When I'm working on a film, I think about how it will play with a tiny audience of friends whose opinions I respect - basically, a 40-bloc radius from my apartment in Manhattan.

I don't really analyze my process. I do know that if it's not right, I won't move on. I'm tenacious to a fault about that.

The movie I end up with is the movie I aspired to make.

What happened on 'Mr. & Mrs. Smith,' I was given a big budget and given too many choices, and I made a lot of mistakes and missteps early on until I squandered all that extra money. But then, once my back was up against the wall, I made what I consider a really good movie.

I chose 'Mr. & Mrs. Smith' specifically 'cause I had just made 'The Bourne Identity' and made a film that glamorized being an action hero, and I wanted to make the exact opposite. I wanted to make a movie that glamorized maintaining a marriage, and that made the action hero part seem easy and made the marriage part seem hard.

The way I see it, the expensive people who get hired when you have money are the fancy people who tell you what you can't do.

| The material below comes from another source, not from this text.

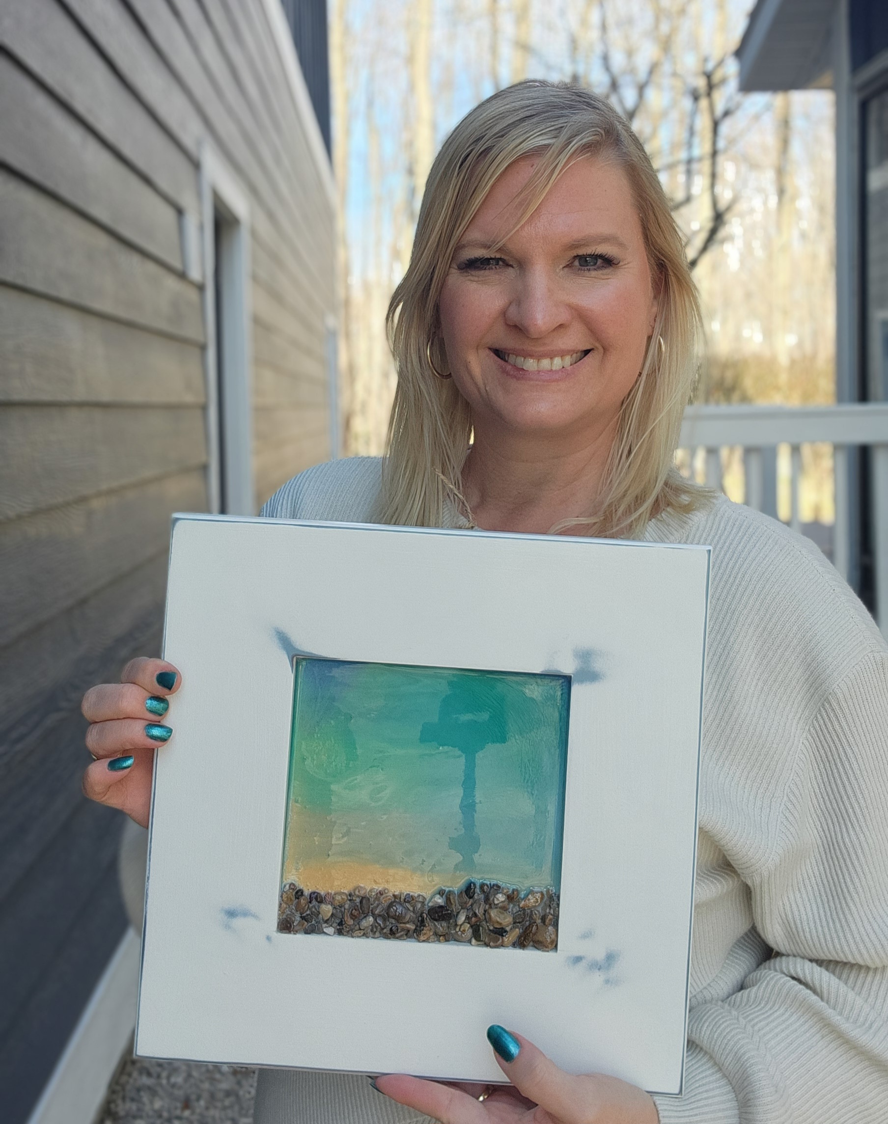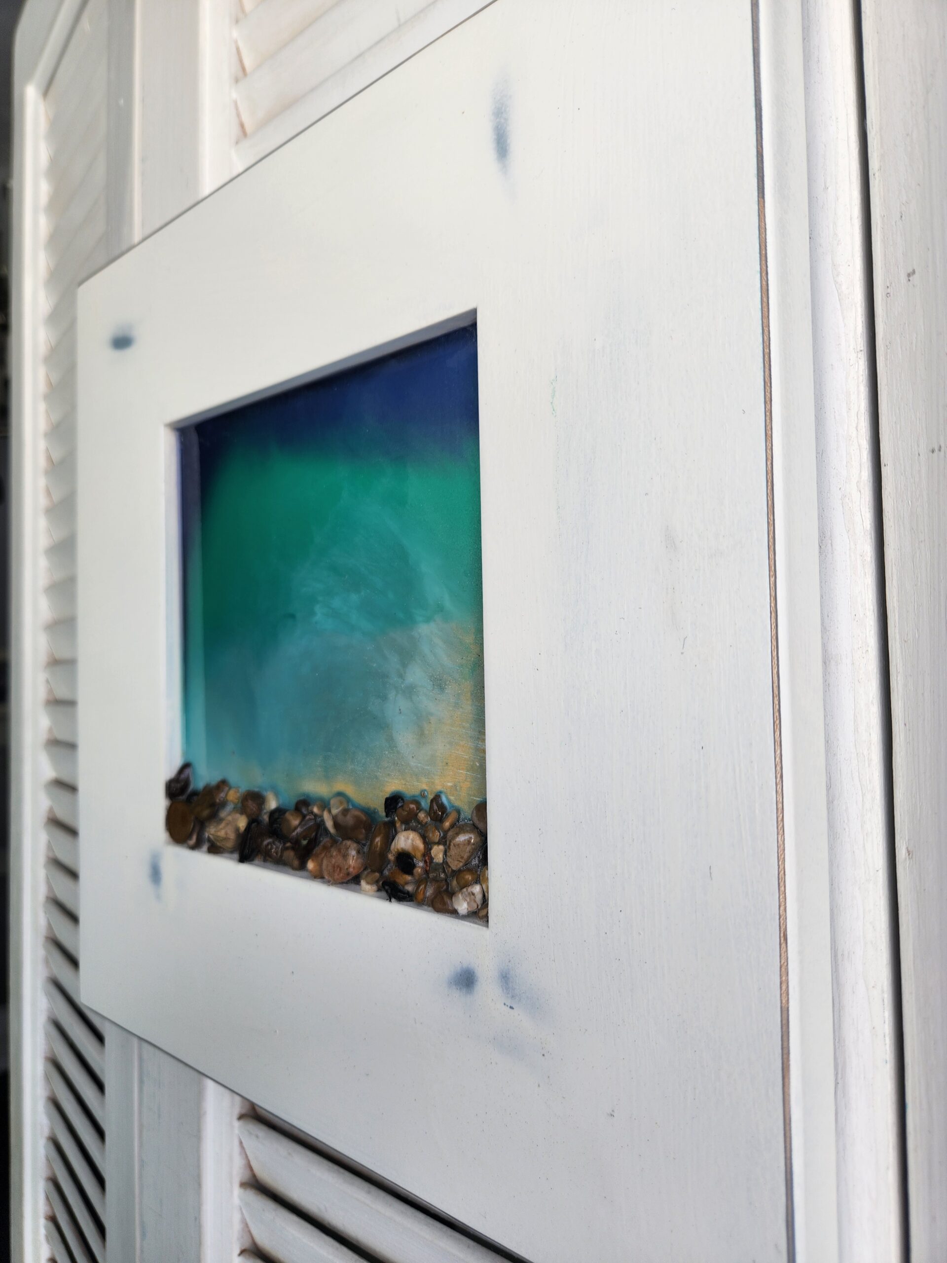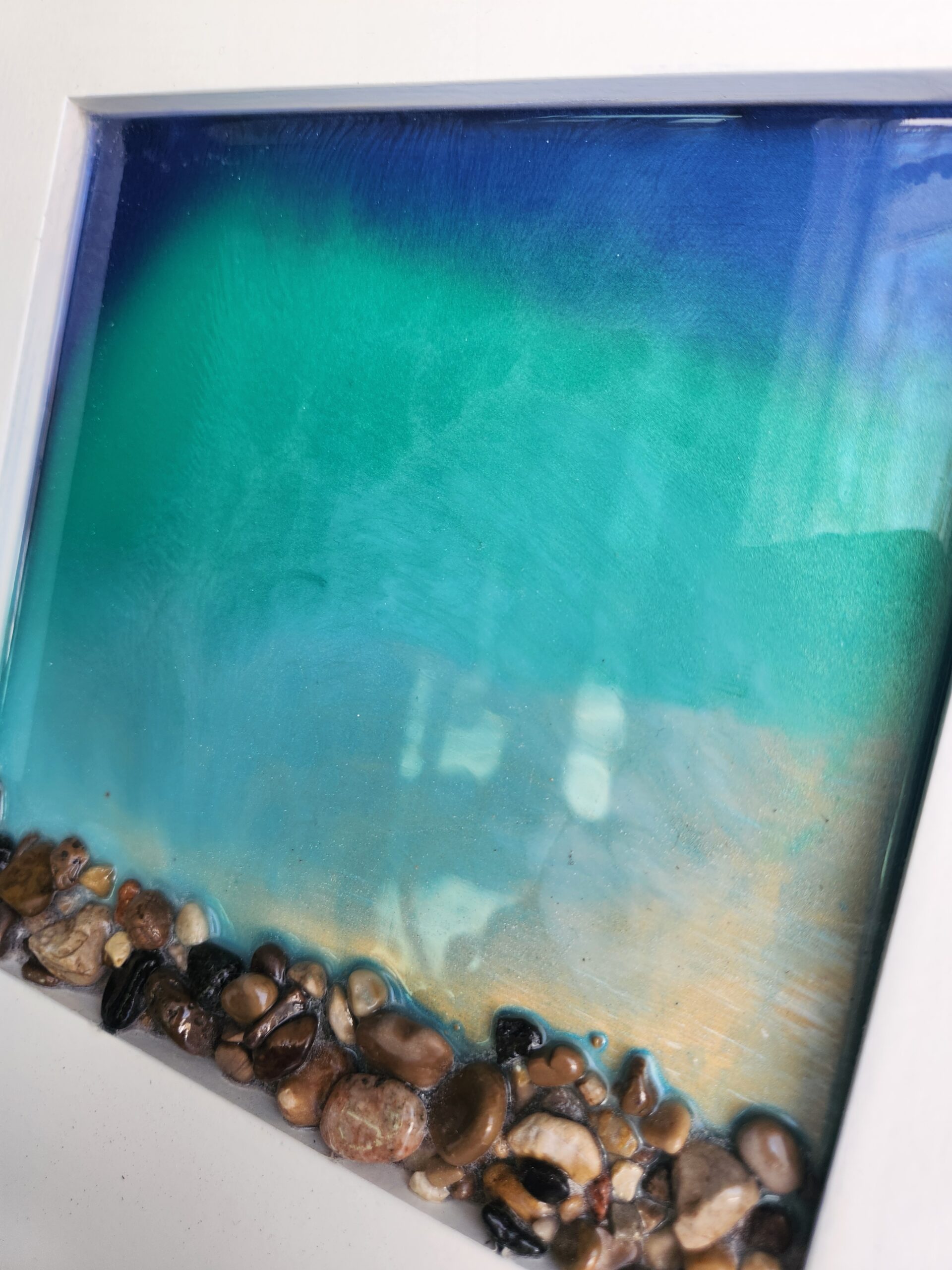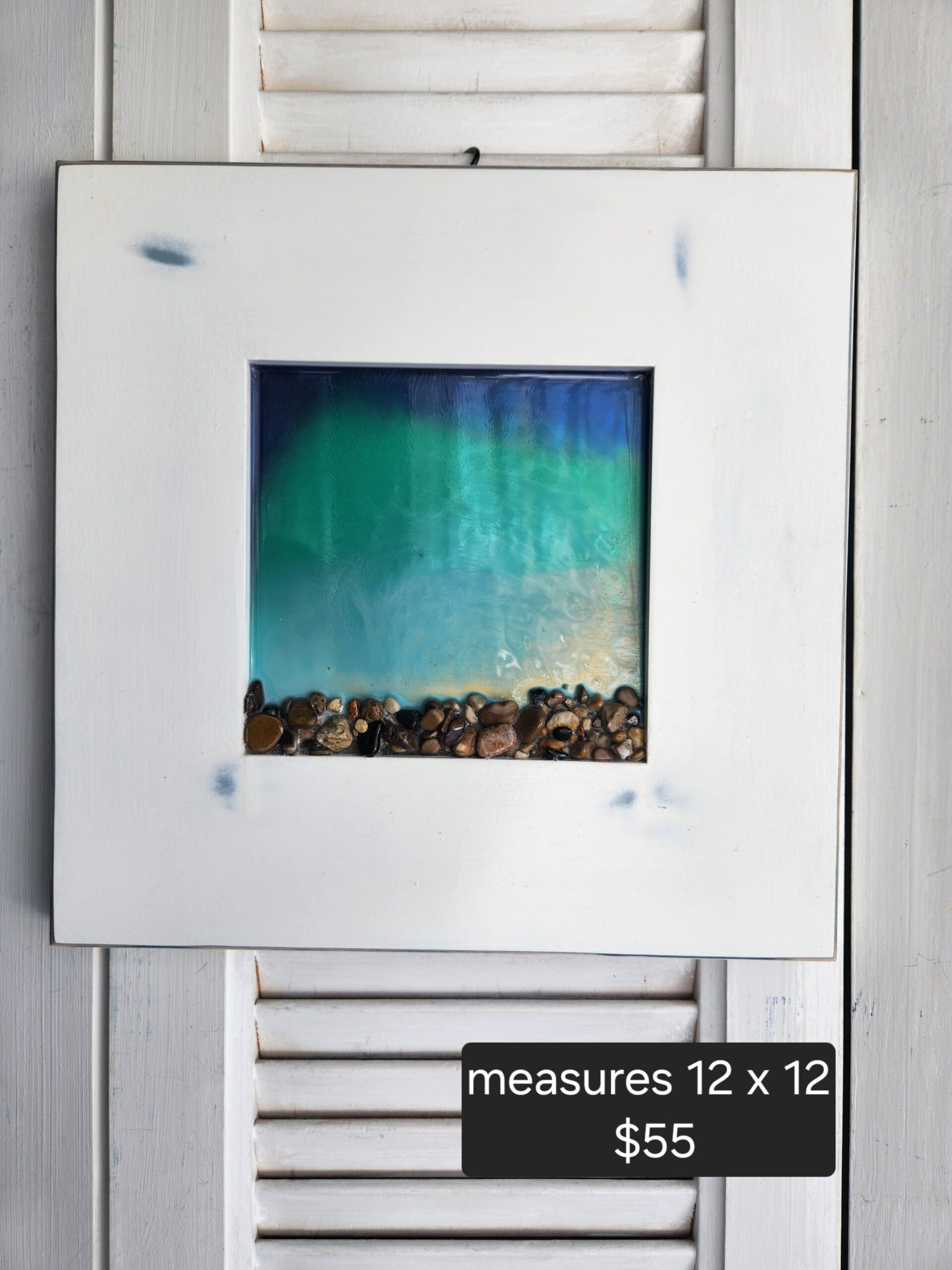 Beautiful resin pour lake art on solid wood with natural stones. This handcrafted wall hanging captures the peaceful look of water along the shoreline, with layered resin creating depth and movement just like a real lake. The natural rocks add a rustic, shoreline feel, making it a perfect piece for lake house decor, cottage style homes, or anyone who loves nature-inspired art.

'The Wall' doesn't recount a specific soldier's experience in Iraq, but it captures the spirit of many experiences that were shared with me and with Aaron Taylor-Johnson and with John Cena.

Casting is everything. I put a huge amount of work into casting, and consistently across my career, I am most proud of my bold choices I made in casting.

In 'The Bourne Identity,' I wanted to give the audience the feeling of being in the car with Jason Bourne, not just watching him drive but be in the car with him, and 'The Wall' is the continuation of that immersive filmmaking style. Where you're trapped behind the wall with Aaron Taylor-Johnson - for better or worse, you're trapped there with him.

VR should offer an experience that's more exciting than watching in 2D, and we're pretty good at 2D storytelling, so the bar's already pretty high.